GE Vernova (GEV) shares rallied on Wednesday after the energy equipment manufacturer posted a strong Q1 and raised its guidance for the full year.
As investors cheered a $4 billion pre-tax gain from the Prolec GE acquisition that drove earnings to $17.44 a share, GEV saw its 14-day RSI climb into the late 70s, signaling overbought conditions.
GE Vernova stock has been a strong performer in 2026, now up a remarkable 80% versus its year-to-date low.
Beyond this huge one-time gain, the underlying operational data offers a more sustainable reason to stick with GEV shares this year.
The company’s overall backlog went up to an exciting $163 billion in the first quarter, representing a 71% increase on a year-over-year basis.

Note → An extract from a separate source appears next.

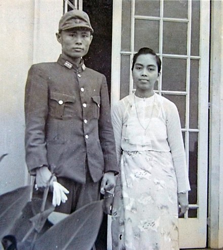 Aung San in Burma Defence Army uniform with Daw Khin Kyi after their marriage in 1942

This exceptional visibility into future revenue is attributed to a global electrification super-cycle. Specifically, GE Vernova is capturing massive demand from data centers and grid stabilization initiatives.
With a book-to-bill ratio set at 2x and free cash flow of $4.8 billion, already surpassing the entirety of 2025, GEV presents a compelling case for long-term growth despite its premium valuation of about 70x forward earnings.

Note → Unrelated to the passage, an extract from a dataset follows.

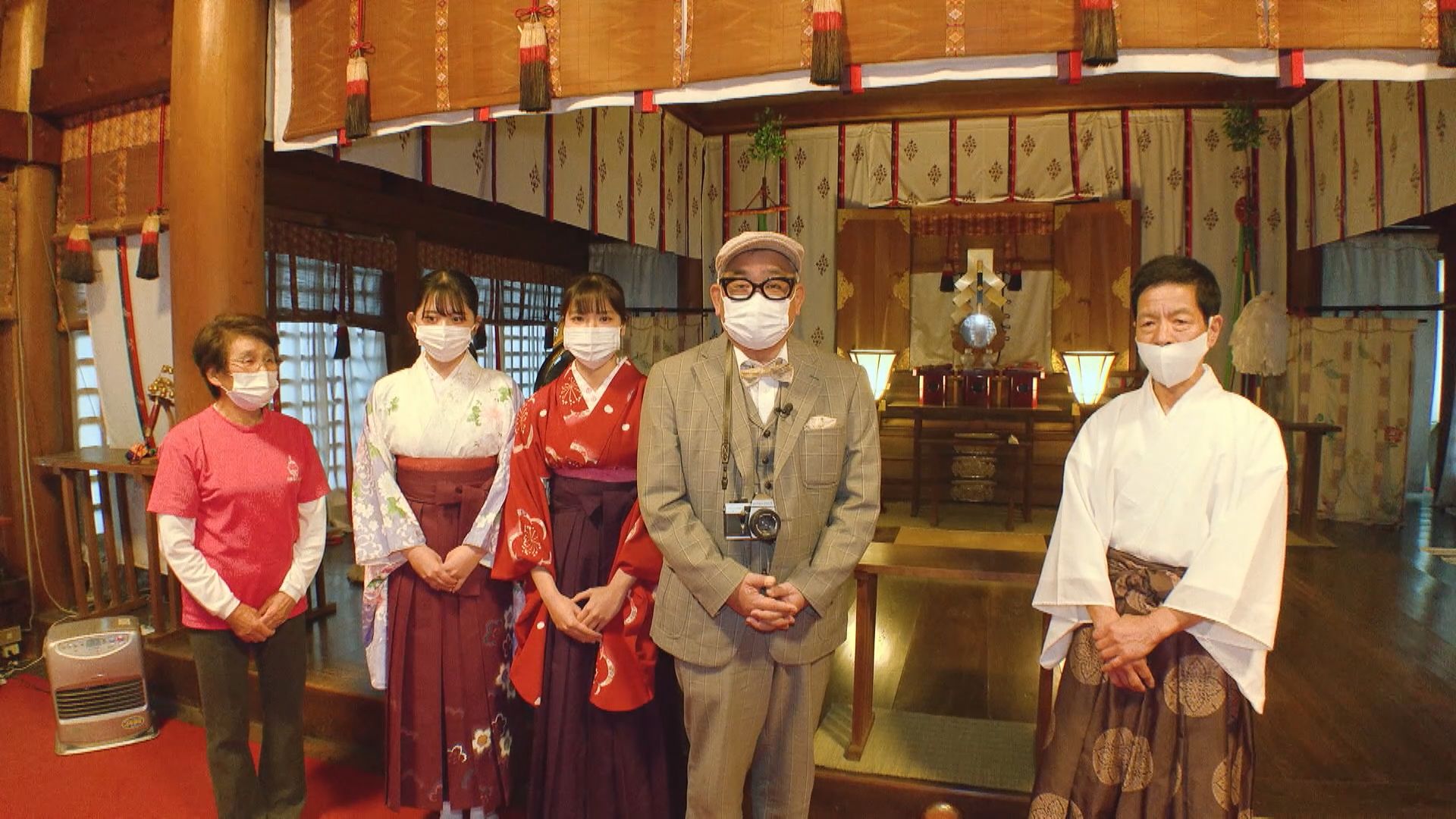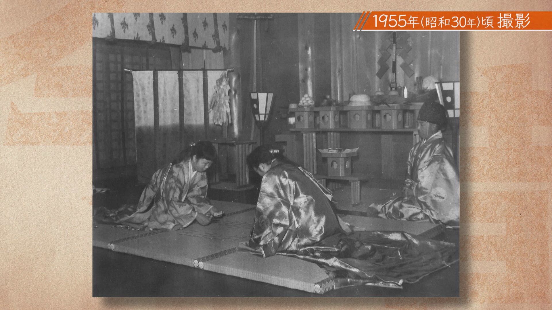 「今日の写真は、何これ?なんかすごい衣装を着てはって、神様にささげる何かがあり。(2人の女性を指し)ここ、何してるの?これ(札)を何かして、かるたみたいなものなのかな?」

GEV’s strong earnings made JPMorgan analysts maintain their “Overweight” rating, with a $1,150 price target on the industrial company on Wednesday.

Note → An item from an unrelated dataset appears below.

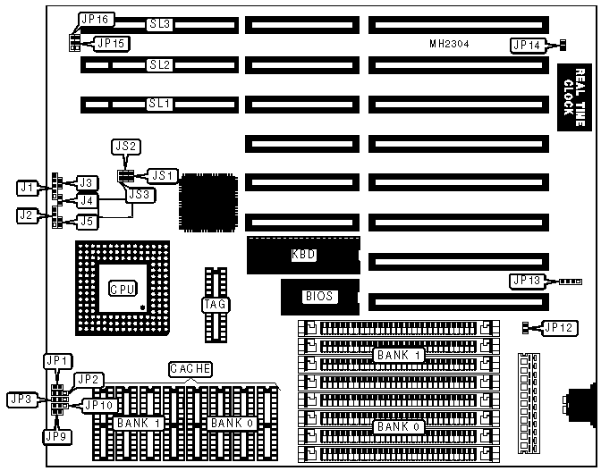 Turbo LED | J3 | 32-bit VESA local bus slots | SL1 - SL3 |

According to the analysts, the NYSE-listed giant is uniquely positioned to benefit from the twin tailwinds of decarbonization and the massive power requirements of AI-driven data centers.
The investment firm pointed to GE Vernova’s improved pricing power, with new orders priced 10 points to 20 points higher than previous quarters, as a major driver for margin expansion.
In short, JPM dubbed the Q1 release a validation of GEV’s ability to convert its massive backlog into high-margin cash flow. A 0.18% dividend yield makes it even more attractive to own in 2026.
Other Wall Street firms agree with JPM on GE Vernova, especially since it has a history of rallying about 21% on average in May.